I'm not sure that it will resolve the issue completely. From my experience, tcp client socket could get stuck even if tcp server doesn't send any data at all (by protocol design). My suggestion is to set proper timeouts for all tcp sockets: gen_tcp:connect/4 with Timeout, \{send_timeout, Timeout\} and, optionally, \{send_timeout_close, boolean()\}.

OTP-Maintainer commented 6 years ago

ingela said:

Granted that this solution will not prevent the sender process from hanging, however it will prevent the deadlock and the blocked sender can be killed by the reader process if it for example does not receive ticks. I would be valuable to use  if you could test my branch and see how it works out for you. If you like
you could perhaps still have your killer and observe if it is invoked or not. We think that my branch also
has other benefits for the ssl application and especially for erlang distribution over TLS and we will release it as is. We will consider gen_tcp timeouts for future improvements if there seems to be a need and you could further explain the problem, we are not sure that we understand it fully.

OTP-Maintainer commented 6 years ago

ingela said:

Well after thinking about this further I decided to rework the solution a little, that is I am no longer assuming that the inet  driver will be gracefull.

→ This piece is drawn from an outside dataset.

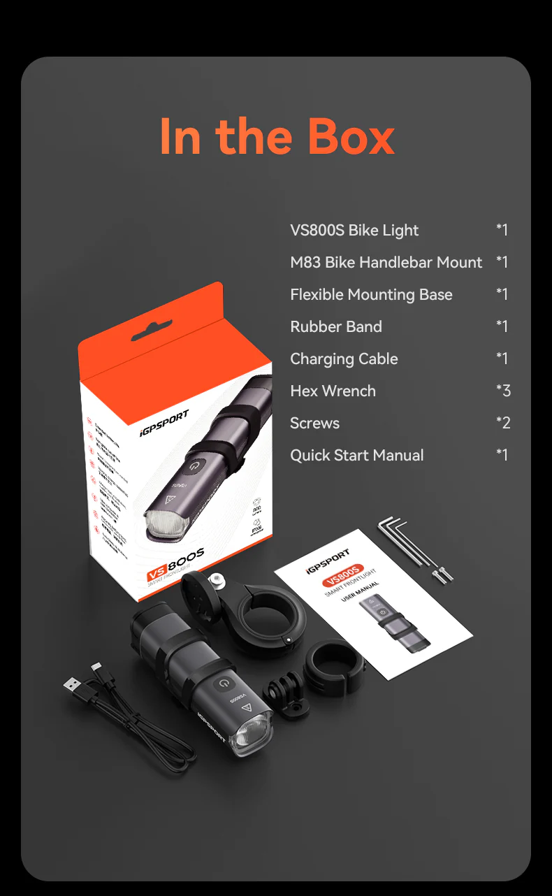 MIT TARTALMAZ Az iGPSPORT VS800 ELSŐ LÁMPA CSOMAG?

So I pushed a new version of my branch with a new close down handling commit. Notice that two commits before are a little reworked too. This is looking good in our builds and will most probably make 21.1 

Hope you will like it too!

OTP-Maintainer commented 6 years ago

ingela said:

This has now been merged as it at least is an improvement.  It solves the dead lock and makes sure that tls_sender process always dies if the connection is closed.  If it should turn out you still have some problem you are welcome to file a new report. I gather you have a workaround for 20 so currently we have no plans to patch OTP 20.

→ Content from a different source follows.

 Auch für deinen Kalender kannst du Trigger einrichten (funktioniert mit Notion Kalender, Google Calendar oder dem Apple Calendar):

OTP-Maintainer commented 6 years ago

mikael pettersson said:

We had been hoping to run Erlang distribution over TLS with OTP-20, but I gather from this ticket that doing so wouldn't be advisable?

OTP-Maintainer commented 6 years ago

ingela said:

No it would not be advisable. We might consider back-porting it to 20 if it is verified that the above problem is solved by the patch.  I think it should, but I do not have any test setup for it.  Of course we have tests that test the new code is working and we think it has benefits regardless of the deadlock problem.

OTP-Maintainer commented 6 years ago

jmf_erl said:

Hi @Ingela
Thanks for checking this out! I've just returned from vacation, I'll try to find some time during this week to check if this patch solves the problem I described.
I'll test it and post a comment here with the results.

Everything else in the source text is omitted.